You might have to download this tweak tool and reset the Windows Media Foundation.

Does Vivaldi have the same problem?

If you goto the URL opera://components and look at the Widevine component, does is say some version for it or does it say 0.0.0.0? Either way, you can goto the URL opera://about and take note of the "profile" path. Then, close Opera and delete the WidevineCDM folder in the profile folder. Then, start Opera, goto opera://components and click "update" for the Widevine update, and make sure it updates from 0.0.0.0 to some version.

If you goto the URL opera://media-internals after trying to play a video, you can click on the section for the video player in question to expand it. There, you can see what errors (if any) there are. You can also see what type of video and audio Opera is trying to play, which may point you in the right direction of the problem.

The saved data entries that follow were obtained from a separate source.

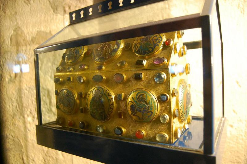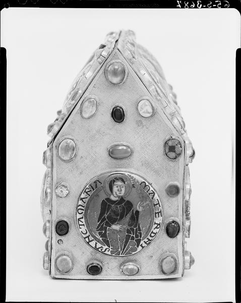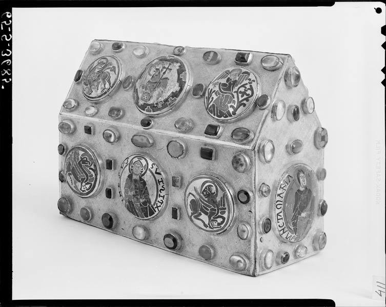 Cette châsse datable des années 1120-1140 pourrait provenir d'un atelier hispano-limousin. Elle remploie des intailles et un camée antiques.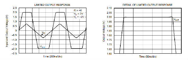 窄的非线性范围和低的限制偏移的结合允许限制电压被设置在期望的线性输出范围的100mV之内。从限制中快速恢复1ns可确保过驱动信号对信号通道是透明的。在输出端实现限制功能,与输入端相反,可以为任何增益提供指定的限制精度,并允许OPA699用于所有标准运算放大器应用。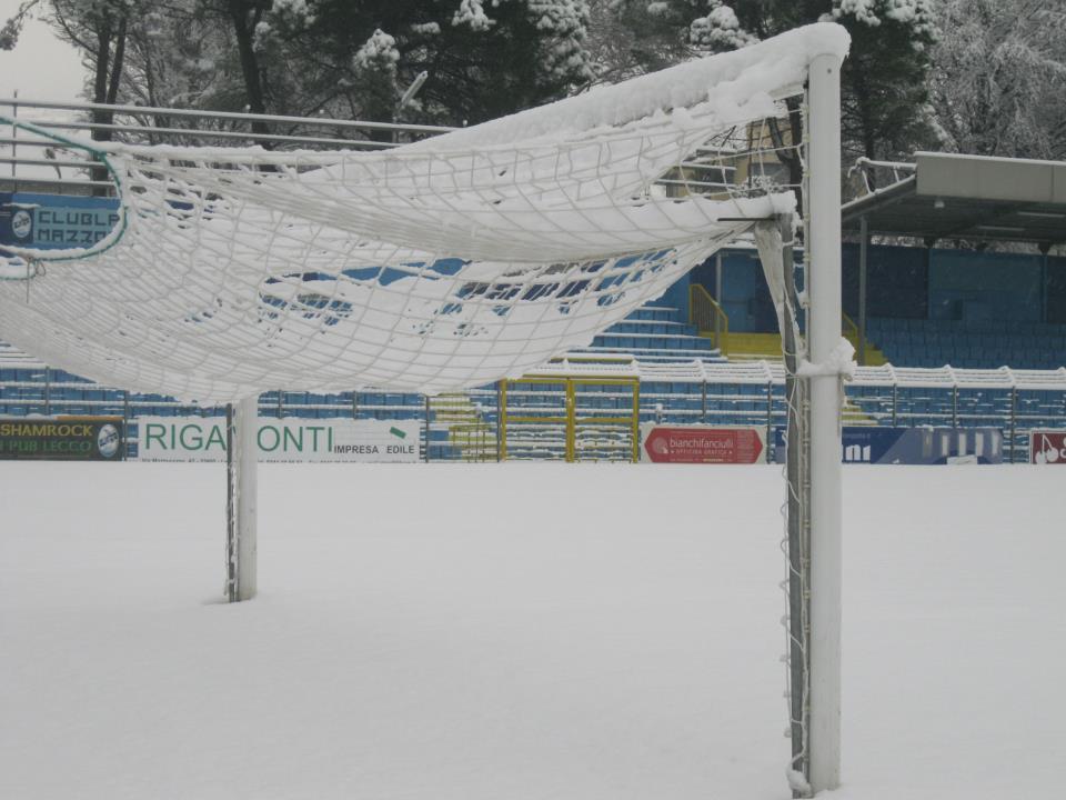 LECCO – Rinviata. L’annuncio ufficiale da parte della Lega Nazionale Dilettanti arriverà soltanto domani mattina, sabato, ma è ormai scontato che la partita Lecco – Fersina Perginese non sarà disputata domenica 16 dicembre. La neve caduta copiosa sulla città ha reso impraticabile il terreno e gli spalti del “Rigamonti-Ceppi”, coperti da almeno dieci centimetri di manto nevoso.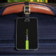 A simple modern design. A black background with a simple light green rectangle located on the far left and centred. The colour of the green rectangle on the front, the green text and the green stripe on the back can be changed, when customizing change the background colour to change the colour of the green rectangle, then change the colour of the green text on front and back to match it, if you have any questions on how to do this I would more than happy to help!
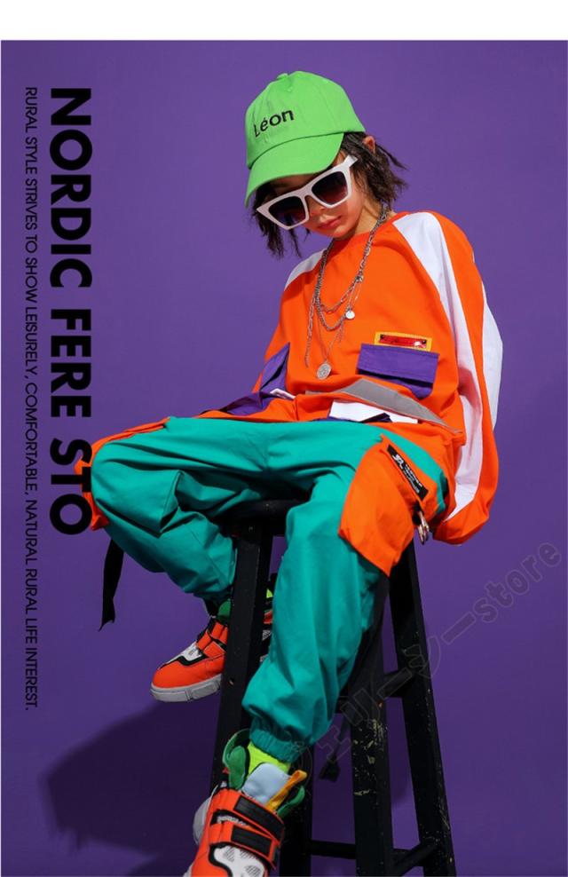 キッズダンス衣装 ヒップホップ 派手 ダンス衣装 セットアップ ガールズ パーカー パンツ キッズ ダンス 衣装 子供 韓国風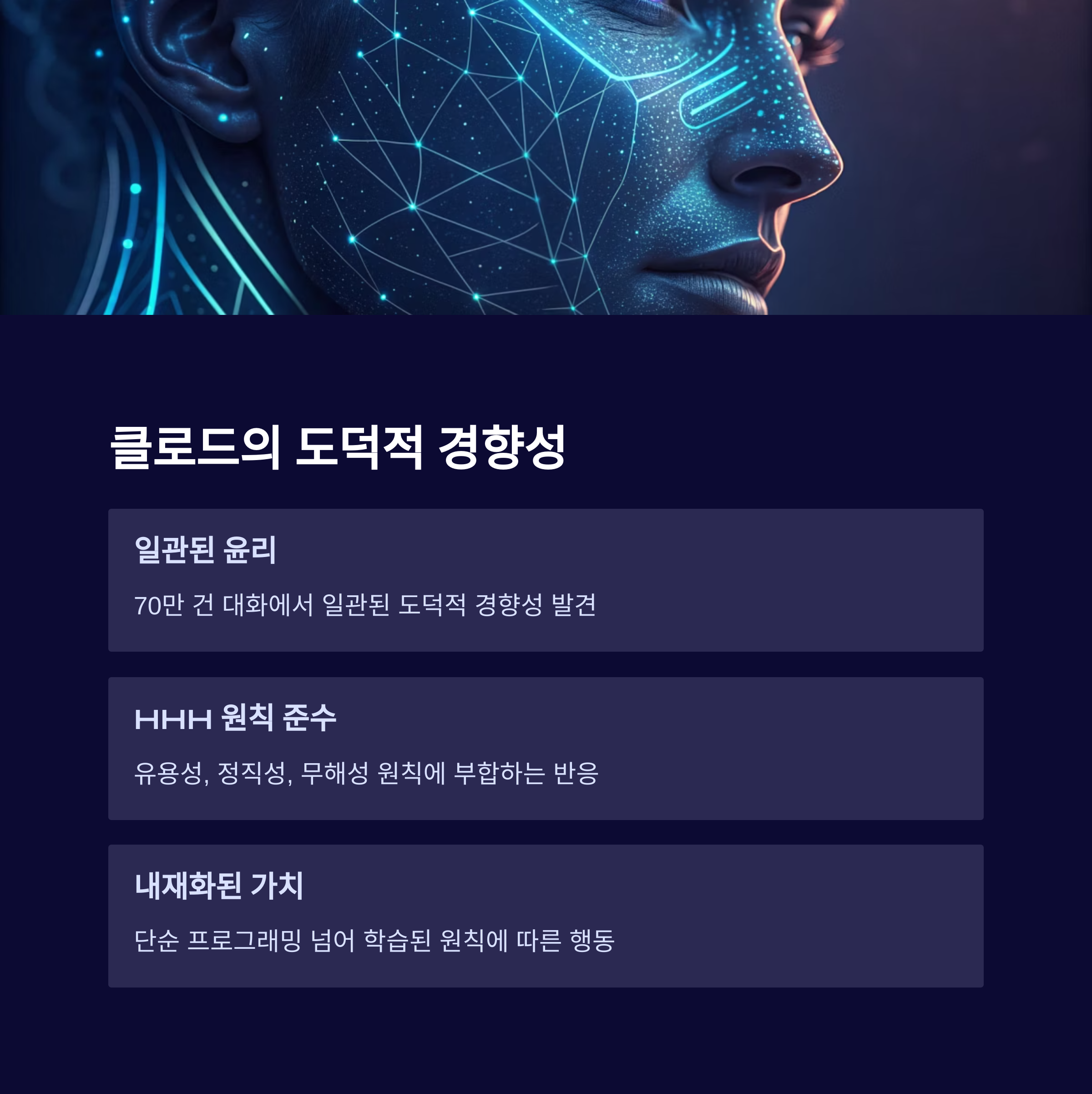 물론 클로드가 항상 완벽하게 HHH 원칙을 따른 것은 아닙니다. 하지만 전체적인 대화 패턴 분석 결과, 이러한 긍정적인 윤리 원칙들이 클로드의 '행동 양식' 깊숙이 자리 잡고 있음을 확인할 수 있었습니다. 이는 AI가 단순히 프로그래밍된 대로만 움직이는 것이 아니라, 학습을 통해 내재화된 원칙에 따라 행동할 수 있다는 가능성을 보여줍니다.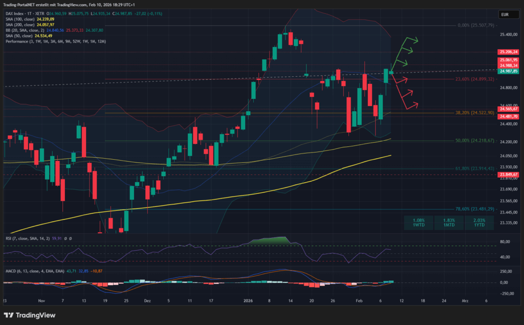 - Oberhalb wäre die Spanne zur 25.060 und anschließend 25.130 aktiv. Darüber Lauf ins Gap-Close bei 25.200. Im Anschluss 25.280 und .350.

Sometimes sites block Opera. You can make a site think you're using Chrome instead of Opera. Install this user-agent extension and select Chrome for Windows for the site you want to try it out on. Then, click the edit button at the bottom of the extension button's dialog to edit the string it uses for Chrome for Windows. You want it to be what Chrome says for the user agent at the URL chrome://version. Right now that's Mozilla/5.0 (Windows NT 10.0; Win64; x64) AppleWebKit/537.36 (KHTML, like Gecko) Chrome/81.0.4044.122 Safari/537.36.